For most of this presidential election season, I studiously avoided predicting its outcome. I knew, of course, the polls showed Democratic nominee Joe Biden well in the lead, but I also thought high expectations from both sides were wildly unrealistic. When friends and family asked me to prognosticate, my answer was always very tentative, more caveat than claim.

Some of that caution was an after-effect of 2016, when I, like so many in the chattering class, assumed President Trump would lose. But more of it was the recognition that most American voters, in any given election, do not think what I think, like what I like, or want what I want.

Psychologists call that recognition "theory of mind." The idea is that, absent damage or disorder in the brain, by adulthood we should be able to understand that other people have perspectives, values, information, and desires that differ from our own.

This capability is closely linked to empathy, and it is enormously important for interpersonal relationships. Its lack in an adult is called "mind-blindness." That's the inability to automatically imagine what others may be thinking given what is already known about their views, personality, circumstances, and so on, and then use that intuition to interpret their behavior and anticipate what they might do next. Without theory of mind, others' motivations are significantly opaque and, when they diverge from one's own choices, can be downright baffling or even frightening.

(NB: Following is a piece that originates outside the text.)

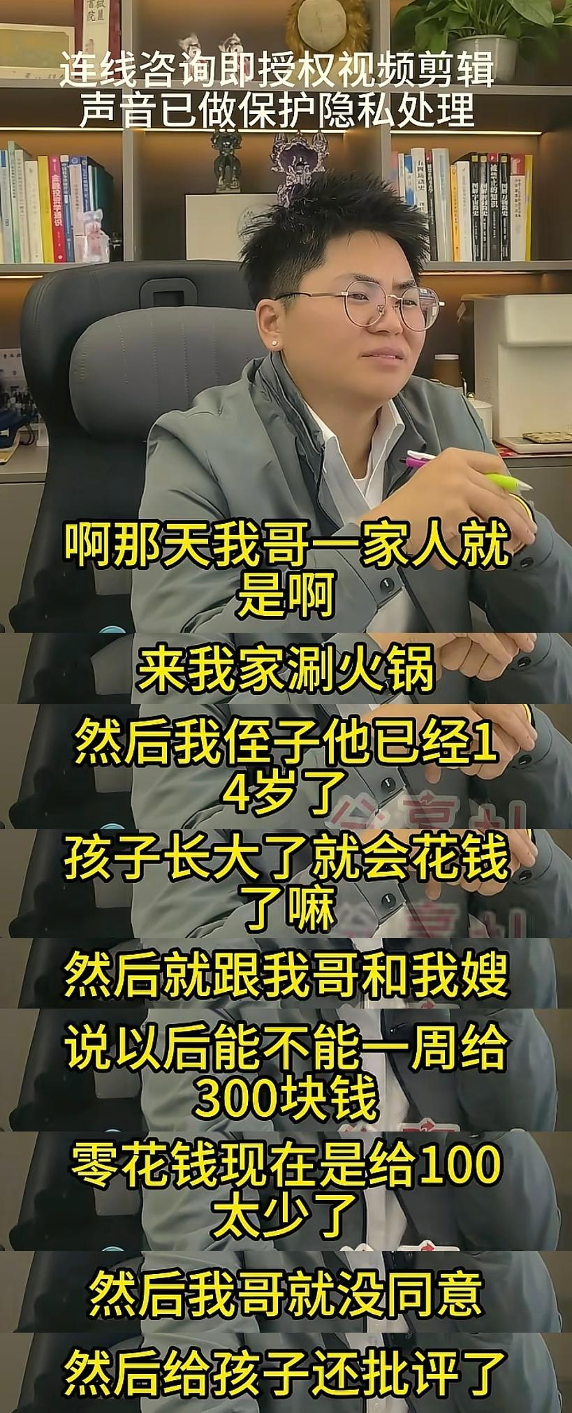沒想到,一場家庭燒烤,徹底打破了這份“安心”。那天,14歲的侄子跟着父母來家裏喫飯。他每週零花錢只有100元,想漲到300元卻被父親拒絕,還捱了批評。

That sounds familiar right now, doesn't it? Democratic and Republican partisans alike are confused and deeply troubled by this election's likely outcome of a narrow win for Biden. It was going to be a Blue Wave — or a Red Wave. How could it not? How could anyone vote the other way?

On the left, landslide predictions were everywhereit'll be a blowout for Biden, so many said. He'll take Florida, maybe Texas! Then the Senate goes blue, too. Court-packing, here we come. On the right, a mirror image of this anticipation, incessantly encouraged by a president who goes well beyond the usual campaign spiel about confidence in the American people's wisdom to assertions that any unfavorable report is a deliberate lie and the only explanation for his loss is the coordination of massive fraud by his enemies. "The more bad things happen in the country, it just solidifies support for Trump," a GOP county chair from North Carolina told Politico in June. "We're thinking landslide."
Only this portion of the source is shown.